Bissett Bernie M, Leditschke I Anne, Neeman Teresa, Boots Robert, Paratz Jennifer
School of Medicine, University of Queensland, Brisbane, Queensland, Australia Discipline of Physiotherapy, University of Canberra, Australia Physiotherapy Department, Canberra Hospital, Canberra, Australian Capital Territory, Australia.

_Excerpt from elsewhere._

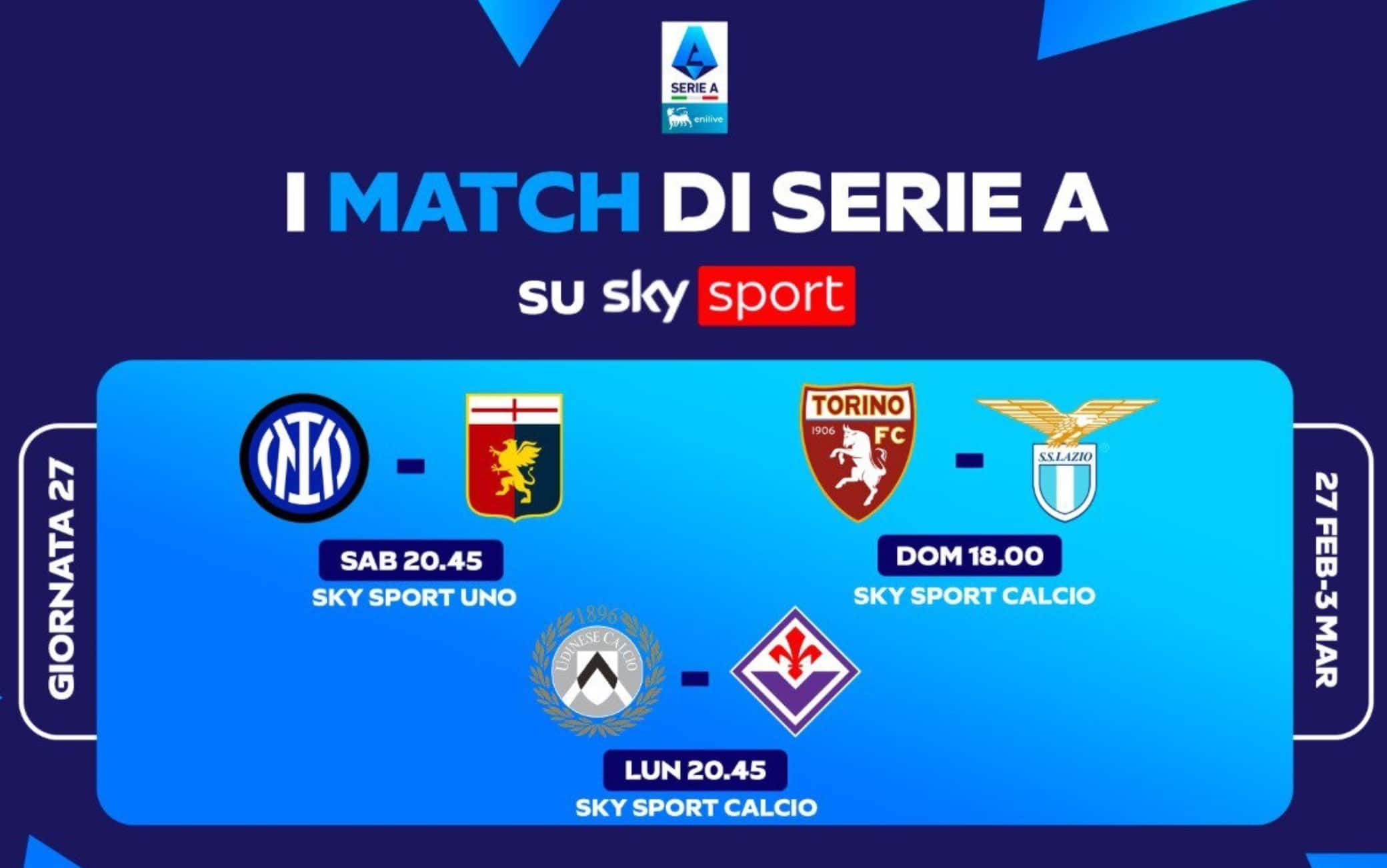 guida tvLa partita Inter-Genoa della 27^ giornata di Serie A, si gioca sabato 28 febbraio alle ore 20.45 e sarà in diretta su Sky Sport Calcio, Sky Sport Uno, Sky Sport 4K, Sky Sport 251 e in streaming su NOW

Intensive Care Unit, Canberra Hospital, Canberra, Australian Capital Territory, Australia Intensive Care Unit, Mater Hospital, Brisbane, Queensland, Australia School of Medicine, Australian National University, Canberra, Australian Capital Territory, Australia.
Thorax. 2016 Sep;71(9):812-9. doi: 10.1136/thoraxjnl-2016-208279. Epub 2016 Jun 2.
In patients who have been mechanically ventilated, inspiratory muscles remain weak and fatigable following ventilatory weaning, which may contribute to dyspnoea and limited functional recovery. Inspiratory muscle training may improve inspiratory muscle strength and endurance following weaning, potentially improving dyspnoea and quality of life in this patient group.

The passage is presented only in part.